Defining the SQL Query - dataflow_designer - spectrum_quality_1 - 23.1

Spectrum Data Quality Guide

Product type
Software
Portfolio
Verify
Product family
Spectrum
Product
Spectrum > Quality > Spectrum Quality
Version
23.1
Language
English
Product name
Spectrum Data Quality
Title
Spectrum Data Quality Guide
Topic type
Overview
Reference
Tips
How Do I
First publish date
2007
ft:lastEdition
2024-03-04
ft:lastPublication
2024-03-04T22:52:13.486265
You can type any valid SQL select statement into the text box on the Candidate Finder Options dialog.
Note: Select * is not valid.
For example, assume you have a table in your database called Customer_Table that has the following columns:
  • Customer_Table
  • Cust_Name
  • Cust_Address
  • Cust_City
  • Cust_State
  • Cust_Zip

To retrieve all the rows from the database, you might construct a query similar to the following:

SELECT Cust_Name, Cust_Address, Cust_City, Cust_State, Cust_Zip from Customer_Table; 

You will rarely want to match your transaction against all the rows in the database.
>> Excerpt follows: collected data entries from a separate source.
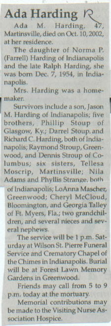 | Survived By | Mother, Norma P. (Farrell) Harding; son, Jason M. Harding; 5 brothers, Philip Stoup, Darrel Stoup, Richard C. Harding, Raymond Stroup, and Dennis Stroup; 6 sisters, Tellesa Moscrip, Nila Adams, Phyllis Strange, LoAnna Mascher, Cheryl McCloud, and Georgia Talley; 2 grandchildren; several nieces and nephews. |
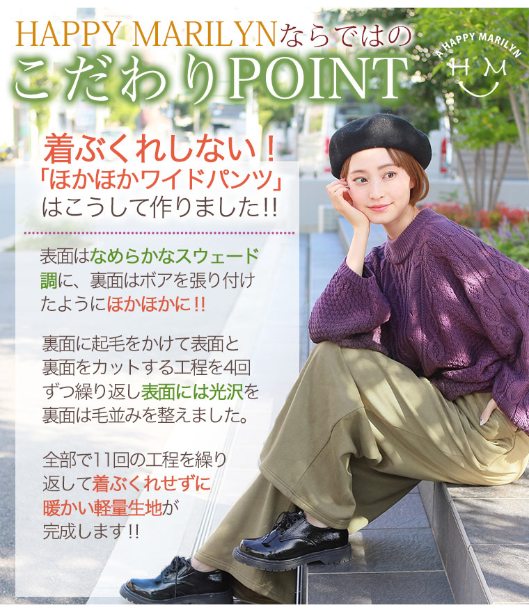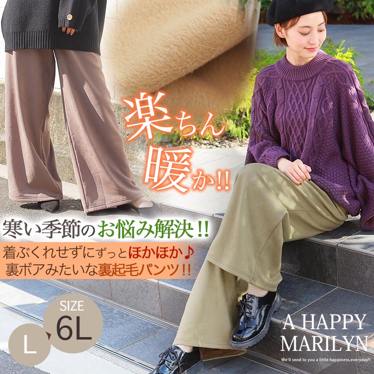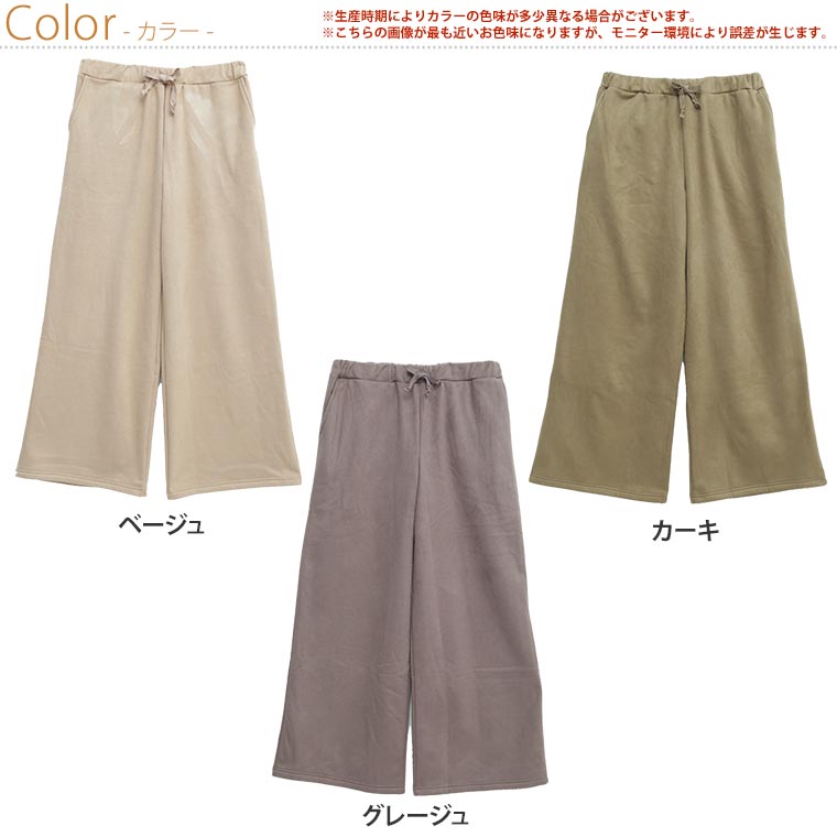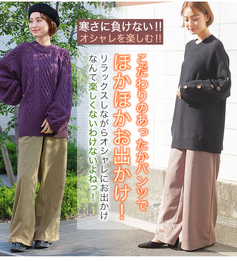 楽ちん暖か!!寒い季節にぴったりの裏生地ふわっとワイドパンツ
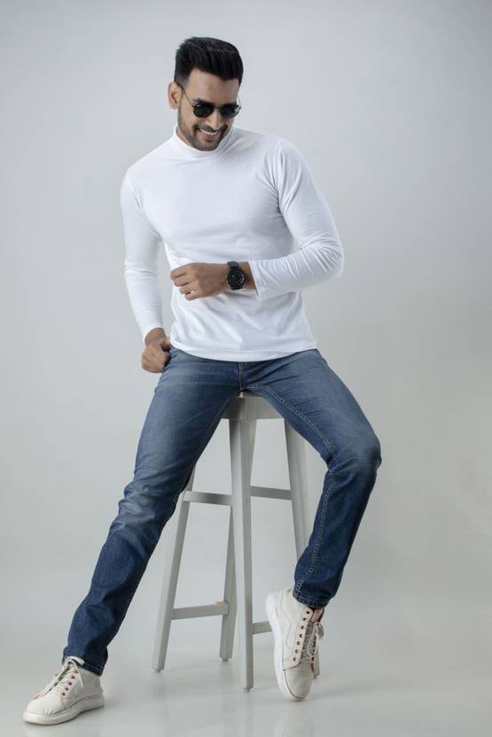 Shop from wide range of Round-Neck plain Highneck full sleeve cotton T-Shirt from Trendolo. Pair this tshirt with jeans or chinos,trousers and get an awesome look. This fabric is soft in touch and it makes feel so comfortable when you wear.
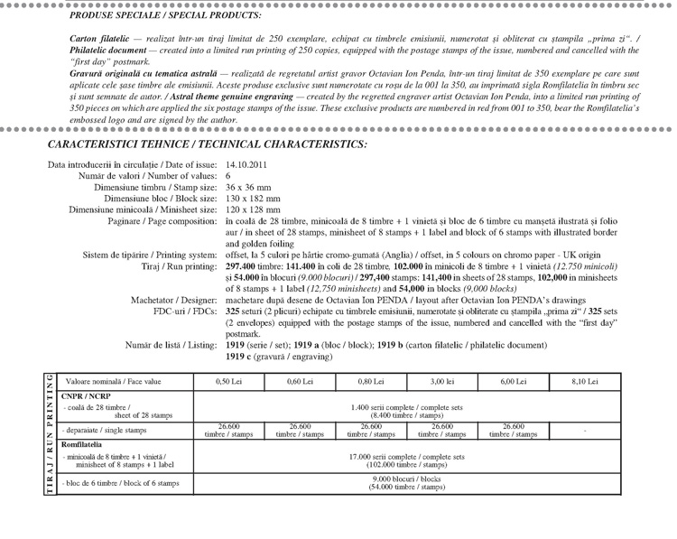 Desenele, ale cãror imagini sunt reproduse pe timbrele emisiunii şi gravura tematicã originalã – un adevãrat testament filatelic – tipãritã în tiraj limitat, cu semnãtura olografã a autorului, aparţin regretatului artist şi gravor Octavian Ion Penda.

To return only relevant candidate records, add a WHERE clause using variable substitution. Variable substitution refers to a special notation that you will use to cause the Candidate Selection engine to replace the variable with the actual data from your suspect record.

To use variable substitution, enclose the field name in braces preceded by a dollar sign using the form ${FieldName}. For example, the following query will return only those records that have a value in Cust_Zip that matches the value in PostalCode on the suspect record.
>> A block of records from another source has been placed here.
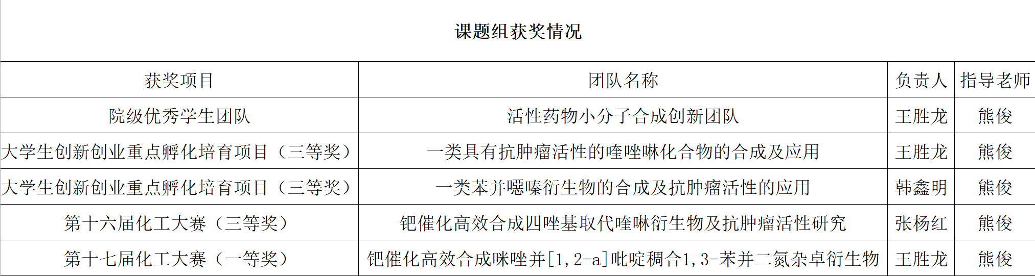 课题组“活性小分子杂环合成创新团队”是以熊俊副教授为带头人的科研创新团队。团队成员包括博士研究生1人,硕士研究生2人,本科生6人。其中,团队成员多次获得校级奖学金和各类荣誉称号,积极参与省校级比赛并 取得颇多成果。近年来,团队发表相关高水平学术论文7篇,其中J. Org. Chem.,Chin. J. Chem.,J Cell Mol Med.,Adv. Synth. Catal中科院二区,三篇SCI三区,一篇JOC影响因子4.198,申请国家发明专利5项,授权1项。
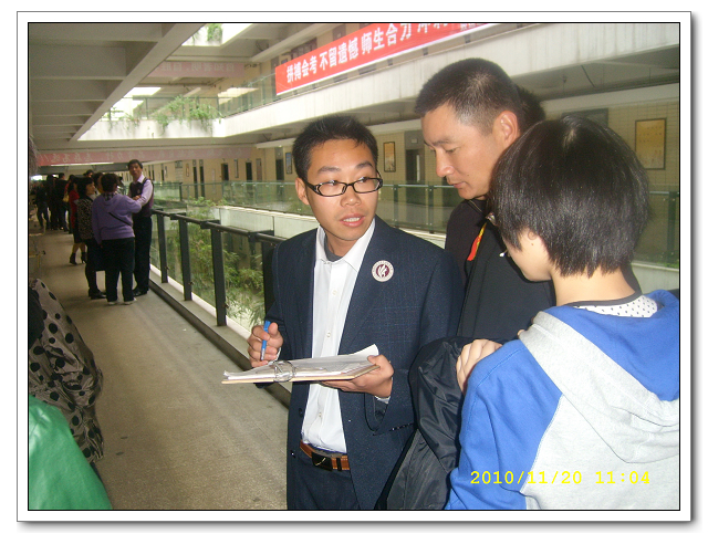 在年段集体家长会后,各班召开了班级家长会,家长、老师、学生三方进行面对面深入的沟通,针对学生个体情况,共同制订了下阶段的学习、生活计划。家长会的热烈气氛持续到中午12:30,之后,仍有很多家长通过电话、QQ、电子邮件等方式与老师进行交流……
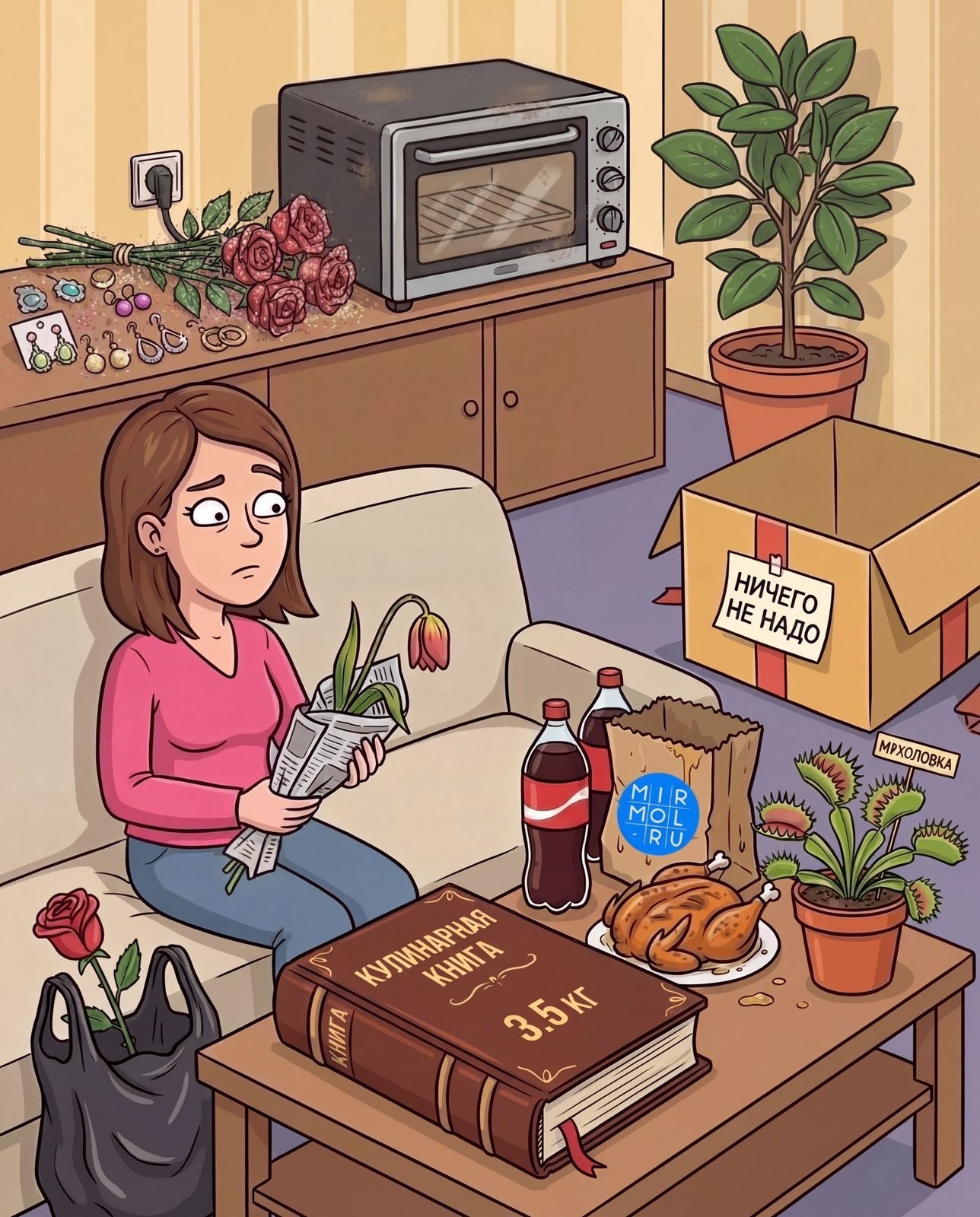 Корреспондент «Мирмола» Зухра Омарова «презентует» список подарков, после которых праздник может внезапно превратиться в семейное совещание с последующим увольнением.

SELECT Cust_Name, Cust_Address, Cust_City, Cust_State,Cust_Zip 
FROM Customer_Table 
WHERE Cust_Zip = ${PostalCode}; 

For SQL 2000, the data type needs to be identical to the data type for Candidate Finder. The JDBC driver sets the Candidate Finder input variable (Ex: ${MatchKey}) that is used in the WHERE clause to a data type of nVarChar(4000). If the data in the database is set to a data type of VarChar, SQL Server will ignore the index on the database. If the index is ignored, then performance will be degraded. Therefore, use the following query for SQL 2000:

SELECT Cust_Name, Cust_Address, Cust_City, Cust_State,Cust_Zip 
FROM Customer_Table 
WHERE Cust_Zip = CAST(${PostalCode} AS VARCHAR(255));